There are times you listen to Verdi’s Requiem and everything after the ‘Dies Irae’ can seem like a slow descent into anti-climax. Sinopoli was never one to do this - even in the couple of recordings we have of his which he made outside his Dresden concert - and Thielemann doesn’t either. There is a change in the pace of the work, though it’s possibly even harder to keep a good performance on track. I can’t really fault the way in which Thielemann balances the orchestra and double chorus through the ‘Sanctus’ - the sense of divisi has remarkable clarity. You get this, too, in the ‘Agnus Dei’ where Prudenskaja and Stoyanova are in such perfect harmony with the chorus - the orchestra just weighty and rich enough so it wraps like a shroud around the voices. If many conductors see the ‘Libera me’ as a climax to the Requiem, Thielemann views it as a true coda - not the actual end of it, but the complete summation of everything that has come before it. If you listen to the power - and reverence - behind Thielemann’s ‘Libera me’, in the closing bars you could be listening to the final pages of Bruckner’s Fifth or Eighth Symphonies. This is, in part, what makes this Verdi Requiem rather special and unique.

I think this is one of those performances which can stand alongside some of the great recordings of the past - de Sabata, Cantelli, Giulini - and, perhaps, Sinopoli in Dresden, too.
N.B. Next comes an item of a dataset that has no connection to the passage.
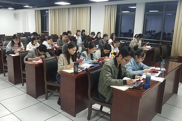 11月3日,全体学员在科教楼B座1101集中学习了党的十九大新修订的《中国共产党章程》。大家首先集中学习了总纲、入党条件以及党员的权利与义务等,然后学员们分组讨论了如何端正入党动机以及如何成为一名合格共产党员。每位学员都认真总结,并表示在以后的学习工作中以党员标准严格要求自己,争取早日加入党组织。

It’s beautifully sung, conducted and recorded - I’m not sure you could ask for much more.

Marc Bridle

Verdi: Requiem

Krassimira Stoyanova (soprano), Marina Prudenskaja (mezzo), Charles Castronovo (tenor), Georg Zeppenfeld (bass), Christian Thielemann (conductor), Staatskapelle Dresden, Dresden State Opera Chorus.

Recorded 13th February 2014 at Semperoper, Dresden.